錆び付いた青色の扉を押し開けた。即座に銃を突きつけて部屋をクリアリングをする。書類束や淡く光るパソコン、金属ラックに並べられた薬品類──その奥に隊員が二人、倒れているのが見えた。
「おい、大丈夫か!?」
肩で息をする隊員にクリスが駆け寄る。肩を掴み、安心させるように「今助ける」と声をかけているが、隊員は身体を震わせて首を振った。
「やめろ……もう手遅れだ」
「全員でここから出るんだ」
クリスが言った瞬間、ぴくりとも動かなかったもう一人の隊員が不意に身体を起こした。かちり、とクリスの腕になにかが巻き付いたのが見えて、俺は素早くその隊員に銃を向けて引き金に指を置く。
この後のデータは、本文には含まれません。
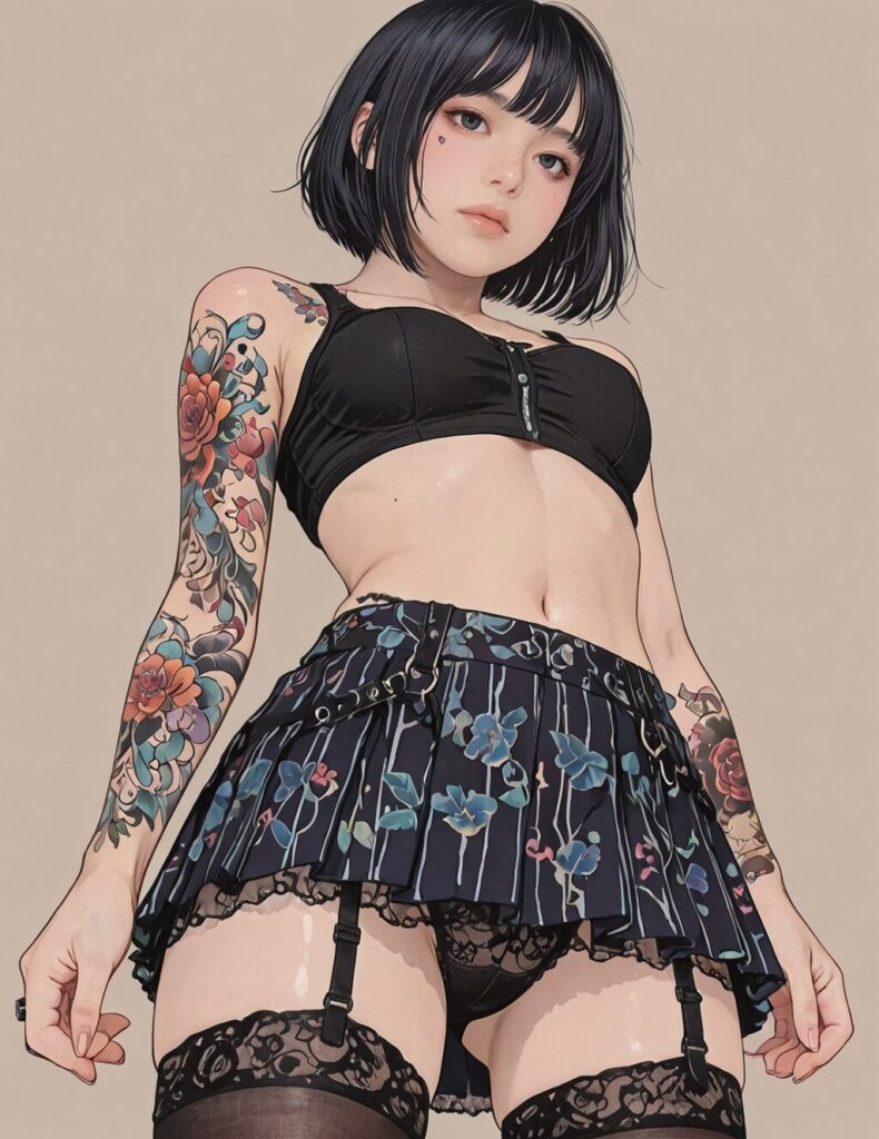 dtlcr2_stx, 1girl, solo, skirt, underwear, from below, panties, black hair, thighhighs, tattoo, short hair, NO_LORA

「おっと、撃つんじゃねぇぞ。そいつの腕を吹っ飛ばされたくなかったらな」
「なっ……!!」
隊員が徐にマスクを外す。その下から現れた顔に俺は声をあげた。痩せ細った顔に少し寂しくなりはじめている毛髪、狂気じみた目をしたその男は俺たちが追っていたルーカス・ベイカーだ。ニヤニヤと笑いながら、手元のスイッチをこれ見よがしに見せびらかしてルーカスは喋る。
「俺の手が滑れば──」
「っ!やめろっ!」
「ドカンだ」
制止も聞かず、ルーカスはスイッチを押した。爆発の衝撃波で身体が吹き飛び、置いてあった台に背中を打ち付ける。
「いいかよく聞けお前ら。ここからさっさと引き上げればテメェらの首が吹っ飛ぶこともねぇ」
四つん這いになりながら、痛みを堪える。倒れたクリスにルーカスがなにやら叫んでいた。良かった──いや、良くはないが、クリスの腕が爆発した訳ではなかったようだ。内心でほ、と少しだけ安堵する。
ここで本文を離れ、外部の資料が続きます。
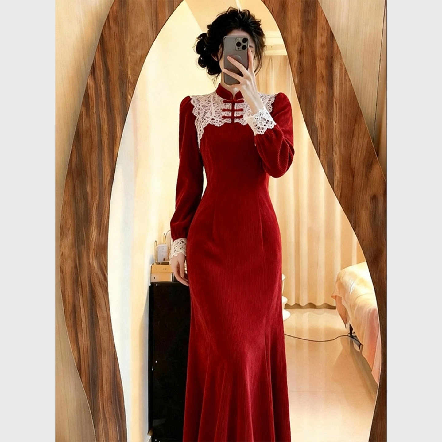 New Chinese women's clothing natal year red lace buckle corduroy cheongsam 25 winter engagement slimming inner dress
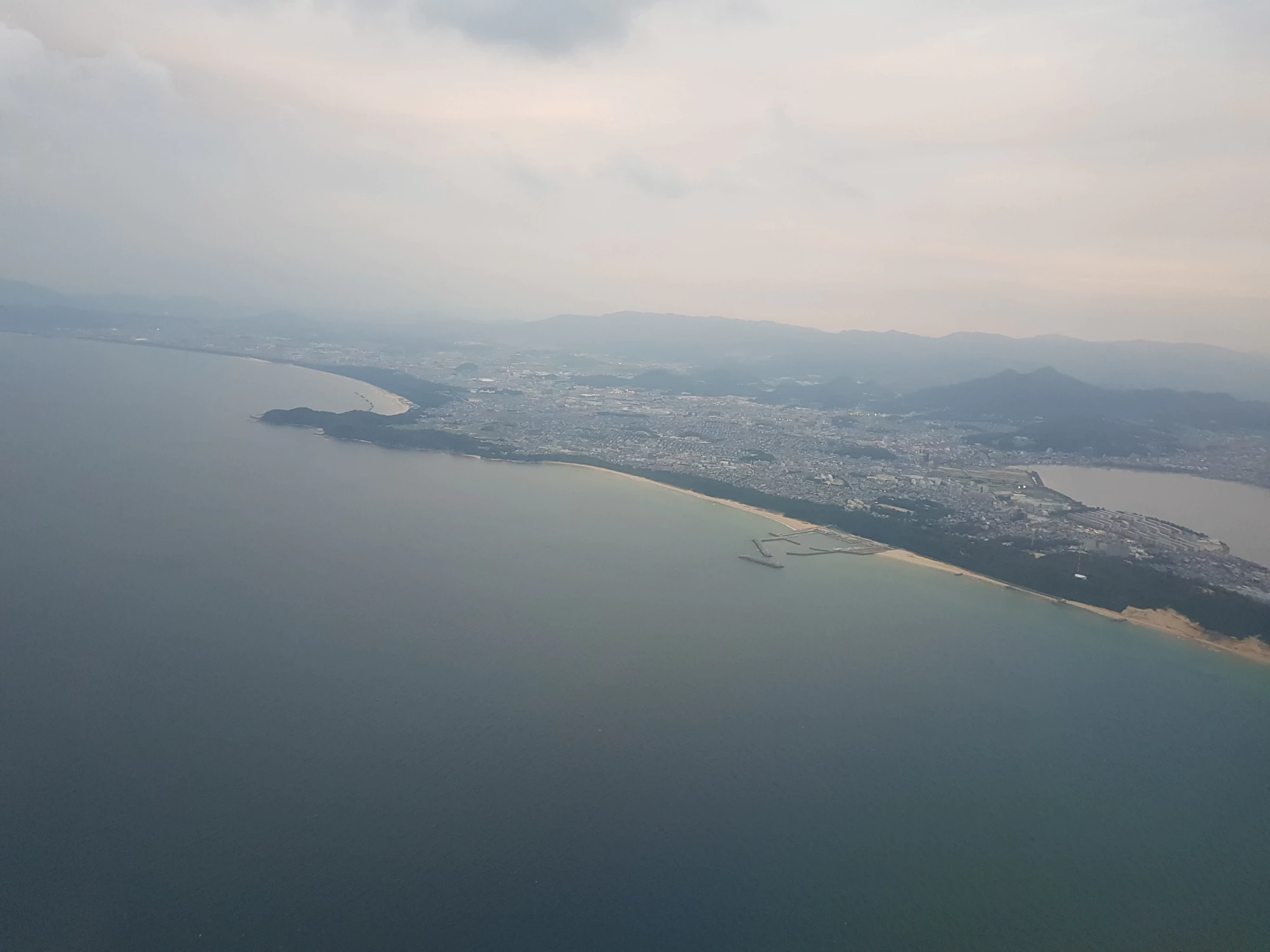 이륙 후 1시간 정도 비행을 하니 어느새 후쿠오카의 모습이 보이기 시작해요.

「それは、お仲間の兵士どもも同じことだ。分かったら……とっとと消えな」
ははは、と笑いながら、ルーカスが奥の扉へと消えた。その瞬間に天井の管から何かが吐き出される。安心するのはまだ早かったみたいだ。耳元で本部のオペレーターがマスクが気密モードになったことを告げてくる。視界端に酸素残量が表示されるのを見て、俺は素早くクリスに駆け寄り、身体を助け起こした。
「クリス、怪我は?」
「あぁ。俺は問題ない……が、」
「……仕方ないよ。それより今は逃げよう」
足元に散らばる赤を見つめるクリスに俺は頭をふり、先を促す。こうしている間にも酸素残量は秒単位で減っている。こんなところで死ぬわけにはいかないのだ。
「くそ……」
悪態を吐き捨てて、腹立たしげにクリスは扉を蹴破るように開けた。その先の部屋も特異菌の胞子は散布されていて、視界が悪い。
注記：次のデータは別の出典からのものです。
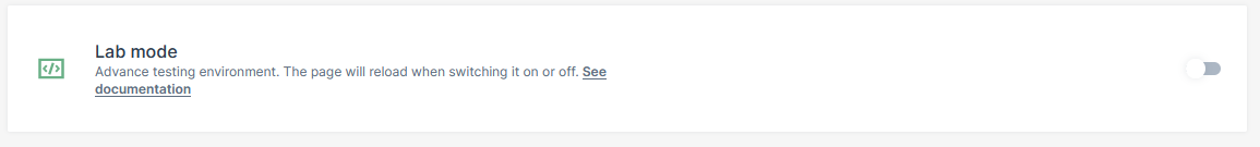 In the Account Settings menu, the Lab Mode enables functionalities in an experimental state activated via Feature Switch in the Organization Administration menu
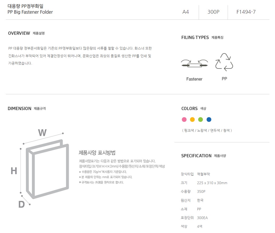 A4(225*310*T30mm), PP, BLUE, 350매, 10EA/PK, 책철부착, 대용량
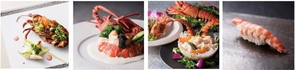 4種の海老を使用した色彩豊かなフランス料理に、キャビアを添えた活伊勢海老はステーキとともに鉄板焼で、他にも3種の海老の持ち味に合わせて仕立てたお寿司、お客様の好みに応じて調理法を変える伊勢海老の中国料理をご用意いたします。胸をふるわせる感動的な美食体験と最高のおもてなしにご期待ください。
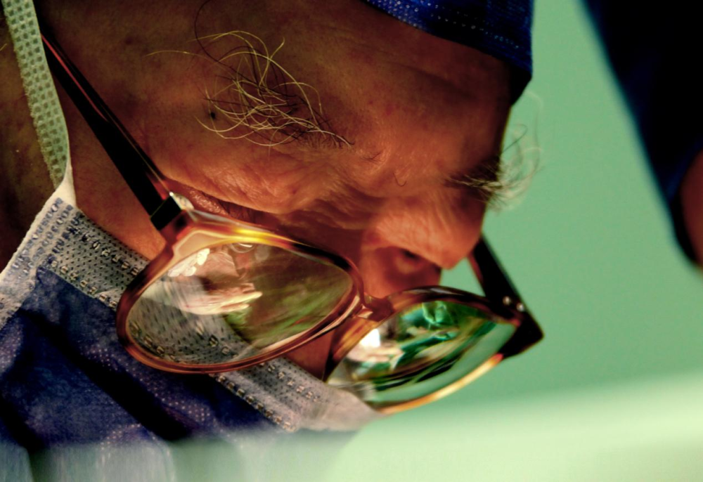 ↑89岁高龄的吴孟超戴着高度老花镜,手头却灵巧自如,出神入化。王建民摄

E型特異菌。いわゆるカビのB.O.W。ウロボロスウィルスに適合している俺が特異菌に侵されるのかどうかは不明だ。試すつもりもないが。
イライラとした様子でずんずんと先へと進んでいくクリスの背中を慌てて追いかける。悪趣味な実験具が並べられた部屋を二つほど抜けて、ようやっと汚染区域を脱出した。酸素残量が増えるのを確認して、胸を撫で下ろす。
『一度戻って、腕の爆弾を解除しては?』
オペレーターの提案をクリスは時間がない、と却下する。確かにそんなことをしていてはルーカスに逃げられるだろう。立場的にオペレーターもクリスに命令は出来ないため、わかりました、と了承した。